───── Task material ─────
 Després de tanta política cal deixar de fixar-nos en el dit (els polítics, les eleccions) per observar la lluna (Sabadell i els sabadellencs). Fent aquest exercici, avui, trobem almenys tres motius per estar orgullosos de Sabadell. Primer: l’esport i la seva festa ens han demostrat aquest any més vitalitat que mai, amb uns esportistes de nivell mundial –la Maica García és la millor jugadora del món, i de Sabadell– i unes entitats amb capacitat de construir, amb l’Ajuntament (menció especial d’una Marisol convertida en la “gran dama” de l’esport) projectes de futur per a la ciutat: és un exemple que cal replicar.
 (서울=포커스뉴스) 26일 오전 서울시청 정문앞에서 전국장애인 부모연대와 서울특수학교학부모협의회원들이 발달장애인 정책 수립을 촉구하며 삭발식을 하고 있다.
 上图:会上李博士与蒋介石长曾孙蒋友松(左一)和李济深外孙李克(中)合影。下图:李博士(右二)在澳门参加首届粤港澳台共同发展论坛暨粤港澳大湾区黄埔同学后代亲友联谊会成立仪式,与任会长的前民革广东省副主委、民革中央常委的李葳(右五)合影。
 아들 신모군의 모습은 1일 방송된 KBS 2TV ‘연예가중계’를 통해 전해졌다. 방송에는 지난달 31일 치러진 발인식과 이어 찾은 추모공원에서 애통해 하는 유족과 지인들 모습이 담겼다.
─────
───── Task material ─────
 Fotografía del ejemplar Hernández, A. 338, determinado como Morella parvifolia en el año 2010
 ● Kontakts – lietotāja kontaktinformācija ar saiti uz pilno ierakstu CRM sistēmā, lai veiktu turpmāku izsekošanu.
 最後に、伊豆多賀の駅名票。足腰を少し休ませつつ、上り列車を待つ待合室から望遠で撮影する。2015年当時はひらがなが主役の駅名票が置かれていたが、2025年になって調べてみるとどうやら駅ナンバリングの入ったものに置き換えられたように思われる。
─────
───── Task material ─────
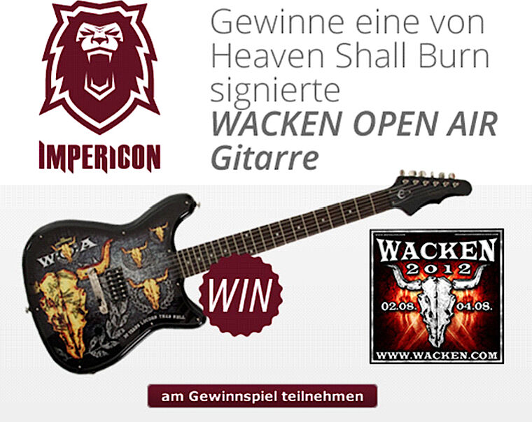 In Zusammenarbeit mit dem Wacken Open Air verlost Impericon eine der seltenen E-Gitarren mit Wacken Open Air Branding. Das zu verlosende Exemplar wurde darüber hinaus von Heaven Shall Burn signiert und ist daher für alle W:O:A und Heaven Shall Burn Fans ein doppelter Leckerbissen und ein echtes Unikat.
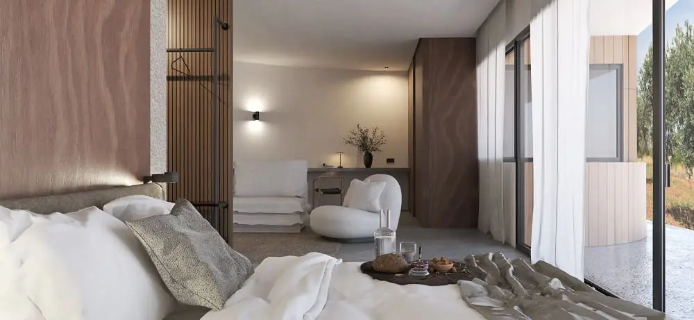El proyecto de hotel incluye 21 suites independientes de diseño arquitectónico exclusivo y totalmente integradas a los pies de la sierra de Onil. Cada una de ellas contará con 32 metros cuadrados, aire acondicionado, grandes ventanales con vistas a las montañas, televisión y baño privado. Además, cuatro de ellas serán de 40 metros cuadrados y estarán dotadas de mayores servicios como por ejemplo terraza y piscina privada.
─────
• [Task directions]:
In the data above, find the line with "veiktu turpmāku izsekošanu." and the line with "最後に、伊豆多賀の駅名票。足". Retype both, plus every line between them, exactly.

• [Written solution]:
 ● Kontakts – lietotāja kontaktinformācija ar saiti uz pilno ierakstu CRM sistēmā, lai veiktu turpmāku izsekošanu.
 最後に、伊豆多賀の駅名票。足腰を少し休ませつつ、上り列車を待つ待合室から望遠で撮影する。2015年当時はひらがなが主役の駅名票が置かれていたが、2025年になって調べてみるとどうやら駅ナンバリングの入ったものに置き換えられたように思われる。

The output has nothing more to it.